The current banking situation is much worse than in the Great Depression. In the 113days ending Dec. 22, 2008 the monetary base increased 103.01%, an astonishing annual compound rate of 885%. The increase has had little apparent effect in solving the overall problem. Initially, we thought that if doubling the monetary base does not solve the problem, double it again, and again if necessary. The idea was that an ordinary liquidity trap (economy not responding to expansive monetary policy) can be overwhelmed by throwing money at it. But if Bank A fears that Bank B is insolvent (Bank B may not be insolvent but with an opaque balance sheet who knows?) it will not want to have interbank relations. Hence interbank relations freeze and dysfunctional zombie and vampire behavior, already experienced in the S&L crisis (Google: Mishkin and Eakins, p.488), poisons the system. The monetary base and excess reserves have been increased to an extraordinary degree but the increases have not solved the crisis. Apparently even a flood of money alone cannot eliminate a solvency trap. We suspect the only way to get rid of the problem is to clean out the rot as done by the RTC in the S&L crisis.
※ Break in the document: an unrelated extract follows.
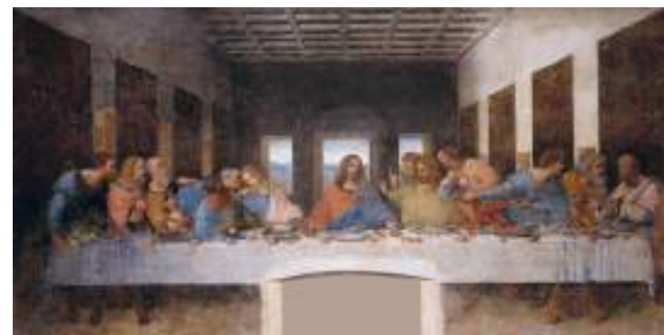
↑ "Nattvarden" av Leonardo da Vinci år 1495.

Pursuant to solving the banking crisis, it is hoped that some lessons have been learned from the S&L fiasco. Piecemeal certificate programs did not work. Regarding changing marking to market Michael Pento on CNBC mentioned about changing marking to market to marking to fantasy. Given how the CDO tranching models (and rating services) have failed who is going to trust new models? Finally, insolvent zombie banks should be seized by the equivalent of an RTC and dispatched. We question (along with Jeff Macke of CNBC’s Fast Money program) the “too big to fail” doctrine regarding Citi and/or Bank of America. Should we be held hostage forever by a so-called too big to fail zombie?
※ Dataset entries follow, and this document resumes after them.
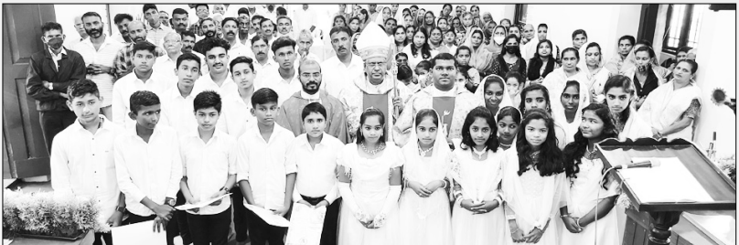
കല്ലാർ വട്ടിയാർ സൈന്ധവ്യലേപന കർമ്മം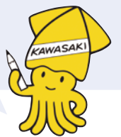
川崎市選挙マスコット「イックン」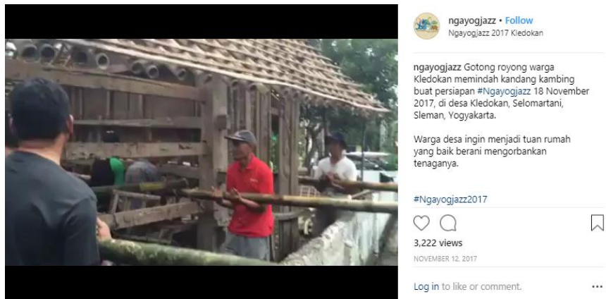
Gambar 3. 16 Video persiapan event Ngayogjazz 2017

Pada gambar 3.16 merupakan unggahan video mengenai persiapan event Ngayogjazz 2017. Dalam video tersebut menunjukkan gotong royong antara penduduk Dusun Kledokan yang berkerjasama dengan panitia Ngayogjazz 2017 dalam mempersiapkan untuk event tersebut.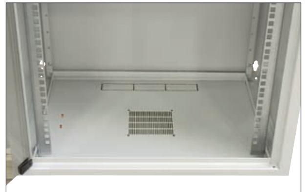
Нижняя плита шкафа SJ2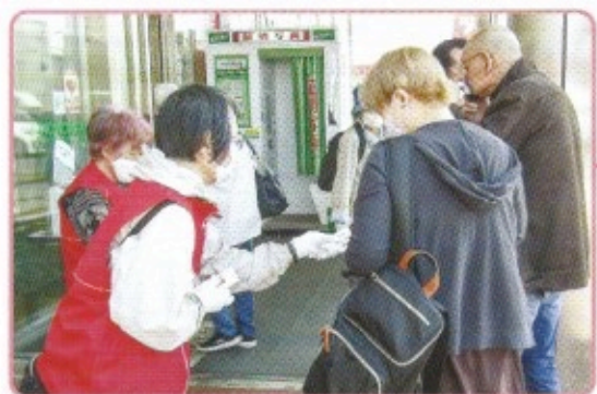
伏古本町地区の啓発(コープさっぽろ新道店)

近年、こうした民生委員・児童委員の「成り手不足」が叫ばれています。東区の場合、8月1日時点で、415名の定員に対し、およそ1割に当たる40名の欠員が生じているのです。2つの写真は、民生委員・児童委員活動について、広くご理解いただくことを目的に実施した街頭啓発の様子です。

FDR's approach needs to be applied now: 1) identify the solvent banks and support their lending, 2) identify the insolvent banks and close them, 3) reorganize the marginal banks by stripping out the toxic assets even if temporary nationalization is required. The President of the Kansas City Fed has persuasively argued for this approach (Google: Thos. Hoenig, KC Fed) The current piecemeal approach, we suspect promolgated by bank and Wall Street lobbists which top eight spent 38.4 billion in 2008 on lobbying (Business Week 2/23/09. p.36) to buy time to position themselves to better profit from the 180 bil (and climbing) of TARP money received in 2008 (Ibid, p.36) is prolonging uncetainty and the credit drought. If this isn't sufficiently troublesome, top economists Stiglitz, Sachs, and the GAO Inspector General (Google: Barosky Report)have pointed to loopholes that permit banks to game the system, with the latter claiming incidents of fraud already occuring. The longer Washington plays footsie and fails to move with dispatch, the more impossible it is for the Treasury Secretary to implement a remedy that is effective and fair to taxpayers. As much as 50% of the hundreds of billions of bad debt in the banking system may with unsecured bond holders. When a bank is liquidated, common and preferred shareholders usually lose everything, and so should unsecured bondholders. Secured bondholders may recover 40%. We believe lobbying has slowed TARP implementation to a piecemeal rate in an effort to protect unsecured bondholders who don't deserve it, especially at the expense of speedy remedy.

2 Comments:

Blogger ChiTom said...

informative & helpful. Thanks!

3:59 PM  
Anonymous Anonymous said...

An impressive piece of research and commentary. I hope that Krugman incorporates some of it into his sermons so it get international distribution.